COLLECTED DATA =
==================================================

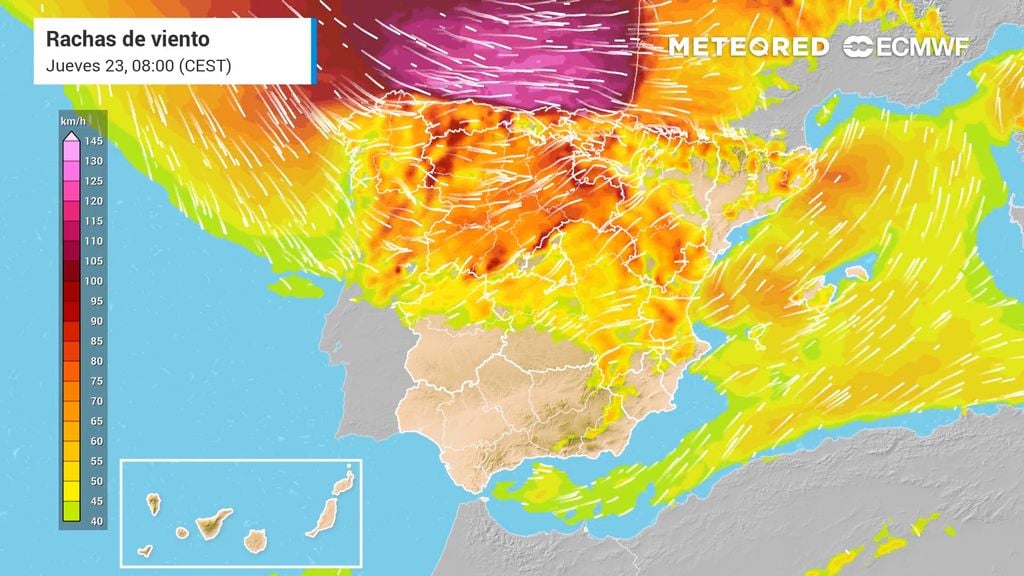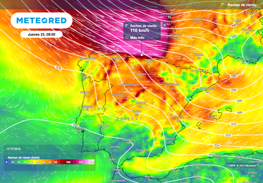 Lo más evidente de este proceso será la intensificación del viento de poniente entre hoy y mañana, activándose avisos amarillo y alguno naranja en amplias zonas del norte y este, así como en Baleares. Las rachas alcanzarán entre los 70-90 km/h, y probablemente pasarán de los 100 km/h en puntos de Galicia, Asturias, Castilla y León, Cordillera Cantábrica y bajo Ebro.
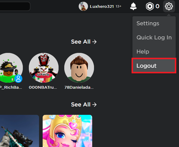 Example: On the Roblox website, clicking your profile icon will reveal a drop-down menu with the 'Log Out' option at the bottom.
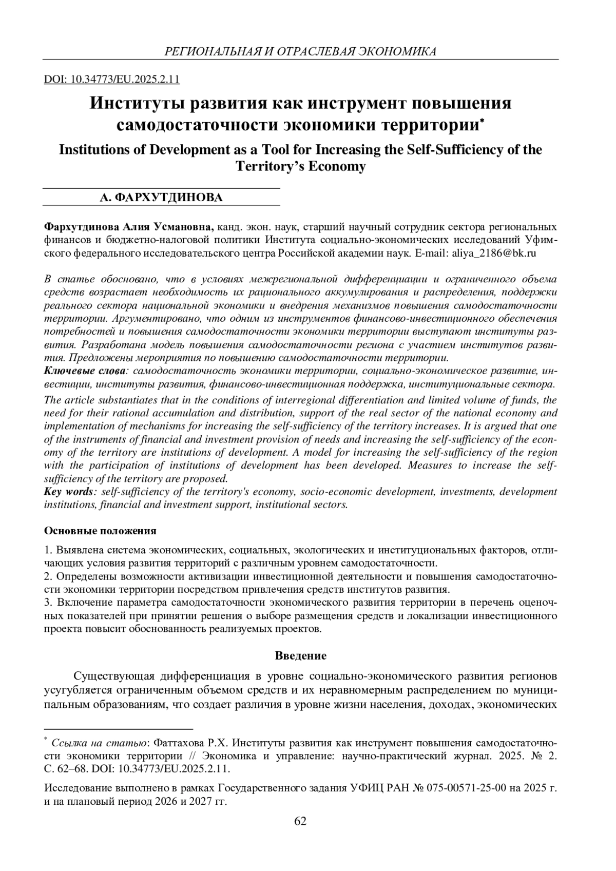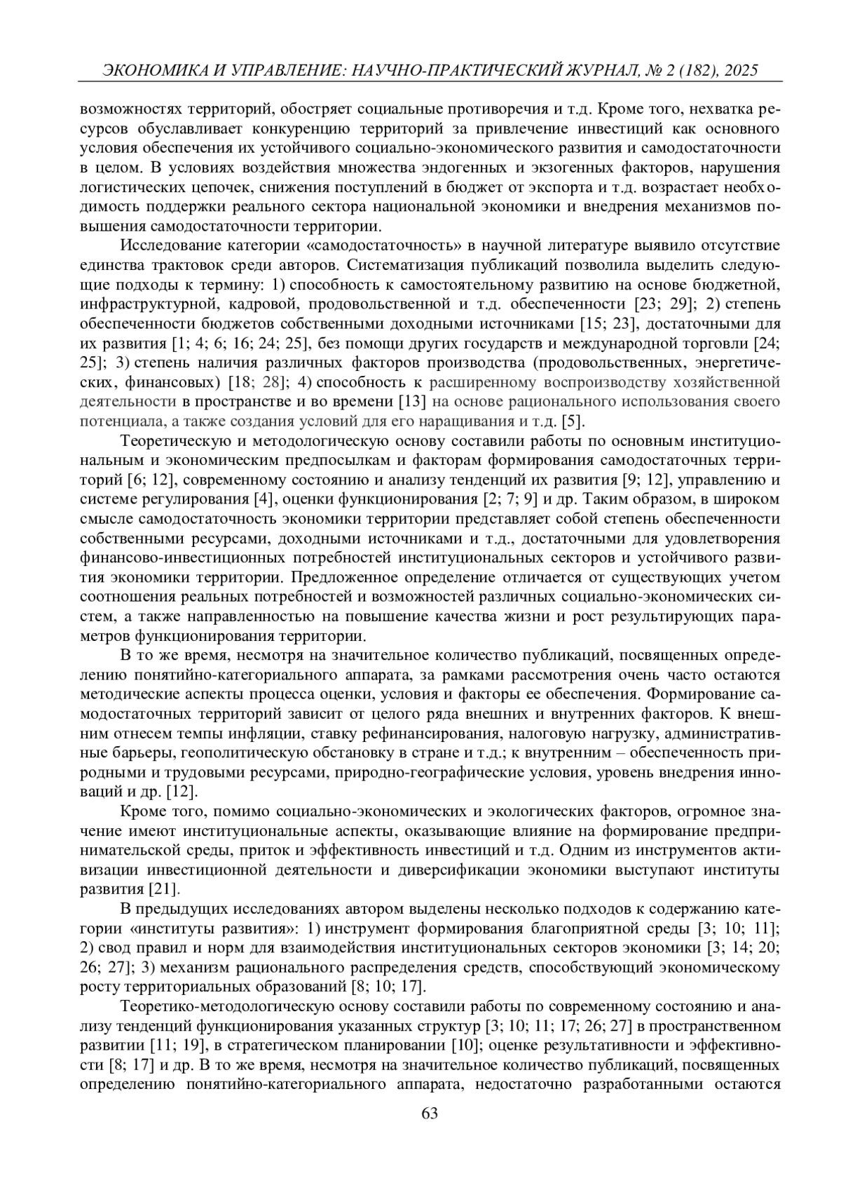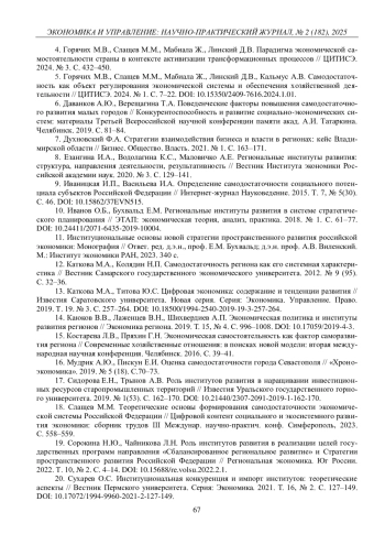 ФАРХУТДИНОВА А. У. ИНСТИТУТЫ РАЗВИТИЯ КАК ИНСТРУМЕНТ ПОВЫШЕНИЯ САМОДОСТАТОЧНОСТИ ЭКОНОМИКИ ТЕРРИТОРИИ // ЭКОНОМИКА И УПРАВЛЕНИЕ: НАУЧНО-ПРАКТИЧЕСКИЙ ЖУРНАЛ. 2025. № 2 (182)

==================================================

TASK BRIEF =
Exclude the images, then output the data above word for word.

RESULT FOR THIS EXERCISE =
 Lo más evidente de este proceso será la intensificación del viento de poniente entre hoy y mañana, activándose avisos amarillo y alguno naranja en amplias zonas del norte y este, así como en Baleares. Las rachas alcanzarán entre los 70-90 km/h, y probablemente pasarán de los 100 km/h en puntos de Galicia, Asturias, Castilla y León, Cordillera Cantábrica y bajo Ebro.
 Example: On the Roblox website, clicking your profile icon will reveal a drop-down menu with the 'Log Out' option at the bottom.
 ФАРХУТДИНОВА А. У. ИНСТИТУТЫ РАЗВИТИЯ КАК ИНСТРУМЕНТ ПОВЫШЕНИЯ САМОДОСТАТОЧНОСТИ ЭКОНОМИКИ ТЕРРИТОРИИ // ЭКОНОМИКА И УПРАВЛЕНИЕ: НАУЧНО-ПРАКТИЧЕСКИЙ ЖУРНАЛ. 2025. № 2 (182)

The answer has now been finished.